Obituaries
On September 24, 1923, William Ellis passed the final border, that between life and death. He was only 59 at the time of his demise, leading one to wonder whether the stress of his double life, with its constant need to conceal so much of his existence from all but his closest family and friends, took a toll on his health.
Ellis passed away in the American Hospital in Mexico City—one of the rare moments when Ellis, who had carefully avoided the American colony in Mexico City during the previous decades in the Mexican capital, engaged with other Americans south of the border. Yet even in death, Ellis managed to remain an enigma. Rather than being buried in the American Cemetery in Mexico City or in a Mexican graveyard, he was instead interred in an unmarked grave in the Panteón Español (Spanish Cemetery).

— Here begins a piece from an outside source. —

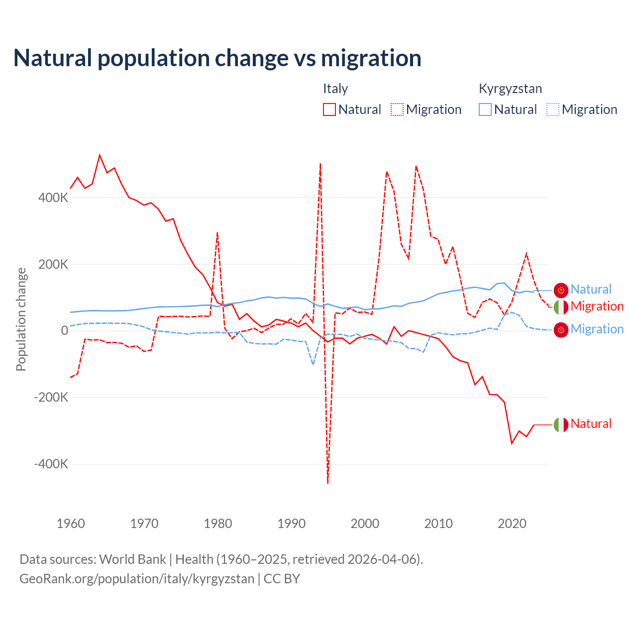 Over the last 10 years, 68.6% of the population change in Italy is from natural causes (a loss of 2,239,084 people) and 31.4% is from migration (a gain of 1,026,128 people). In Kyrgyzstan 88.5% is from natural causes (a gain of 1,258,837 people) and 11.5% is from migration (a gain of 164,132 people).
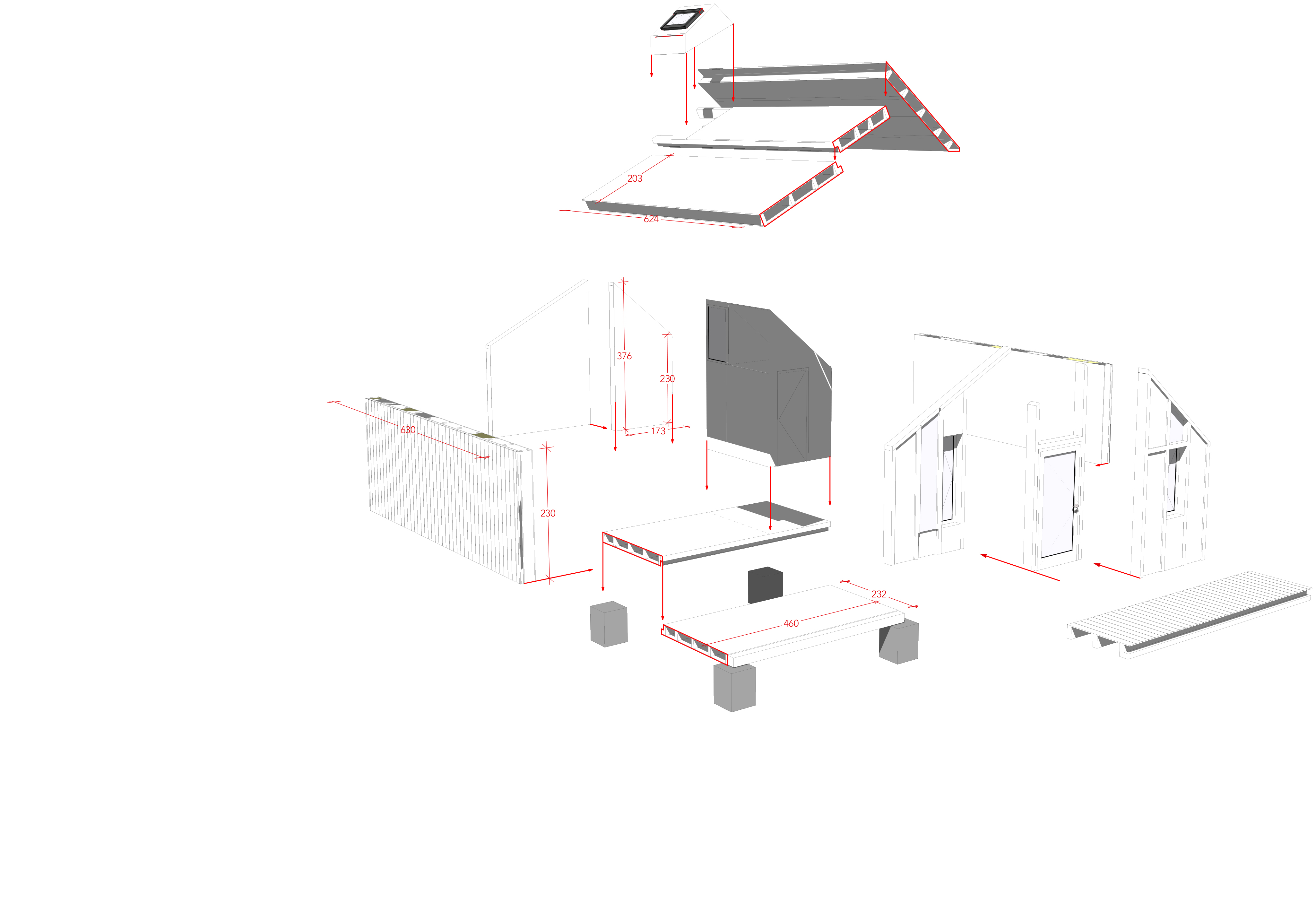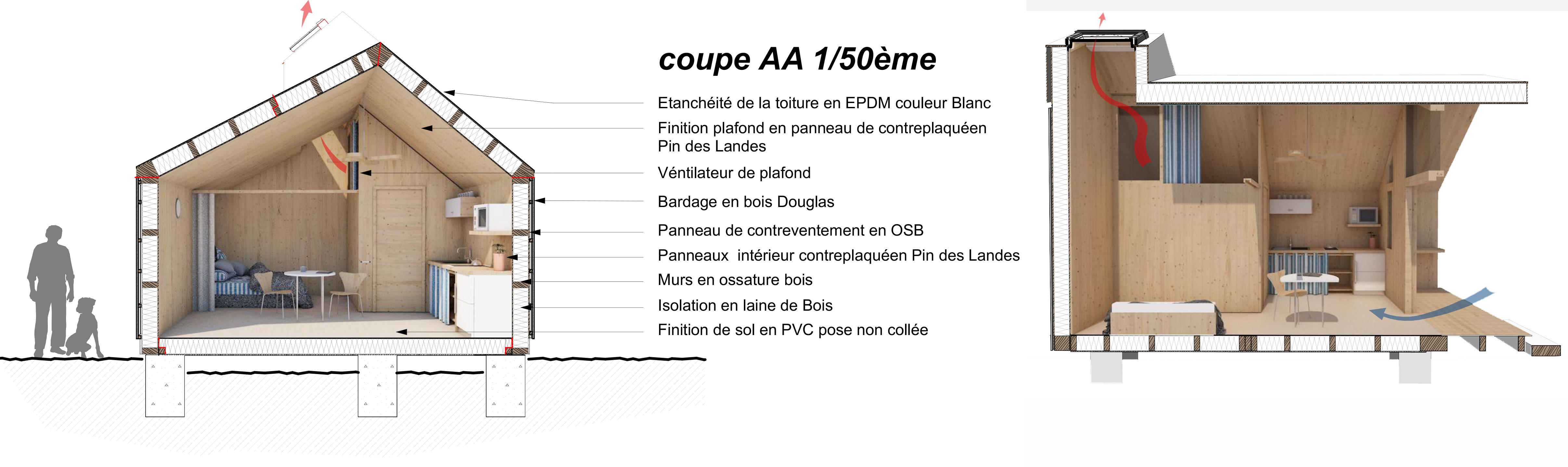 Descriptif technique : Préfabrication en 2 dimensions de caissons bois isolés en ossature bois Massif certifié Bois des Alpes, revêtue d’un panneau extérieur en OSB III 15 mn et en intérieur d’un Contre-plaqué PIN 18 mn (Pin Maritime des Landes ECOPIN certifié PEFC) / isolés par insufflation de laine de bois. pignon d’entrée est réalisé en ossature type colombage module Salle de bains préfabriqué plot de fondation en béton préfabriqué bac acier de couverture Assemblage des panneaux préfabriqués par mi-bois 3 mois d'étude et 2 mois de chantier modules technique d'autonomie avec PV, batterie et stockage EU et EP. PEFC (Gestion forestière durable) Bois des Alpes

News of Ellis’s death was first published in the United States by the Mount Vernon Argus, the paper based in the almost all-white suburb outside New York City were Ellis and his family had lived for almost two decades. The Argus did little to dig beneath the image that Ellis had taken such care to cultivate during his time in Mount Vernon, declaring that Ellis was also known as “G[uillermo] E[nrique] Eliseo” and that he had been born “near the Mexican border” to “Carlos and Margarita (Nelsonia) Ellis.” The New York Times in the obituary it printed a few days later on September 30, 1923 also reinforced the persona that Ellis had crafted over his time in New York, stating that Ellis was a “broker and promoter of this city [Manhattan] and Mexico.”
But with Ellis’s passing, the Black press finally felt free to disclose what had apparently long been an open secret in the African American community: the Mexican/Cuban businessman known to most on Wall Street as Guillermo Eliseo had, in fact, begun life as the African American named William Ellis. Perhaps the first African American newspaper to make this information public was the New York Age in early October, 1923, although the information was soon disseminated by other prominent organs of the Black press such as the Chicago Broad Axe and the Chicago Defender. (Examples of these latter obituaries can be found in the attached documents as can the obituary from the New York Times as well as obituaries from Arizona, Ohio, Wisconsin, and other parts of the country.)